Je me réveille lentement dans ce lit dont je ne me souviens plus du vide des premiers jours de mon séjour à Florence. J’entrevois son dos. Il dort paisiblement sur le flanc. Nous avons déjà partagé plusieurs aurores ensemble, avant qu’il rejoigne ses enfants à la salle du petit déjeuner.

Il s’agit pourtant d’une des dernières fois où nous serons côte à côte dans ce lit car nos séjours respectifs se terminent.

Nous n’en avons pas encore parlé.

Ce silence rend les moments partagés particulièrement précieux. Cette intensité me déstabilise comme si en face nous se dresse un “oui” affirmatif et intangible à la vie. J’aimerais qu’il ne vacille plus jamais et qu’avec mon amant, nous puissions le perpétuer encore longtemps.
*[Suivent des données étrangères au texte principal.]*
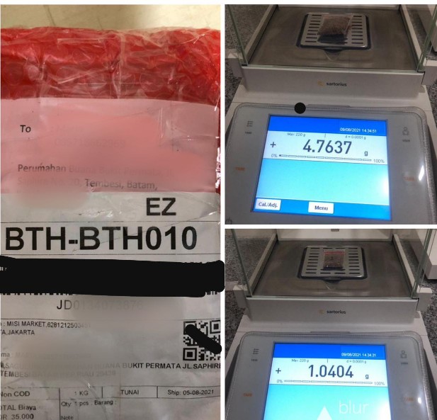 “Tanggal 07 Agustus 2021, sekira pukul 10.30 WIB, di Tempat Penimbunan Sementara (TPS) DNL, Tim K-9 bersama-sama dengan pegawai Perusahaan Jasa Titipan (PJT) memeriksa barang yang sebelumnya telah diatensi berdasarkan informasi dari masyarakat dan hasil analisa,” ungkap Kepala Seksi Layanan Informasi Bea Cukai Batam, Undani, Jumat (17/9/2021).

Sa peau m’est déjà familière, sa courbe d’épaule et sa nuque aussi. Il se réveille toujours après moi, ce qui me donne l’occasion de soupirer au rythme de sa respiration profonde et sereine. Je dépose des baisers sur son dos, me plonge dans son odeur du matin et m’accapare sa peau : un mélange de douceur et de transpiration, de renfermé et de vivant. Je ne me lasserai jamais des réveils à deux et de ses premières rencontres de la journée.
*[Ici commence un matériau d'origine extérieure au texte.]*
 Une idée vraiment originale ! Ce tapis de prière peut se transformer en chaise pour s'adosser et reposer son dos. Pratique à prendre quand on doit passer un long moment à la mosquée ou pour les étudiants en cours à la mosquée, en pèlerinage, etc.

Je le caresse du dos de ma main et suis les reliefs de sa colonne vertébrale. Il continue à dormir calmement. Ma main se retourne pour le caresser avec plus de franchise sur sa hanche et le long de son corps.

C’est irrésistible, je me rapproche de lui, ma poitrine contre son dos. Sa chaleur m’apaise. J’aime avoir des seins de femmes avec cette sensation d’être plaquée sur son dos. J’ai envie de palper son sexe, juste reconnaître cette partie intime de son corps. Elle est au repos, encore endormie.

Lui

Après avoir fait l’amour, nous nous sommes assoupis dans les bras de l’un et de l’autre. Elle plus vite que moi, et je me suis mis sur le côté pour m’endormir à mon tour. Le matin, encore somnolent, j’ai senti sa main sur mon sexe, douce et délicate : une marque de tendresse. Sentir le rebondi de ses seins dans mon dos a éveillé mes sens plus vite qu’à l’accoutumée.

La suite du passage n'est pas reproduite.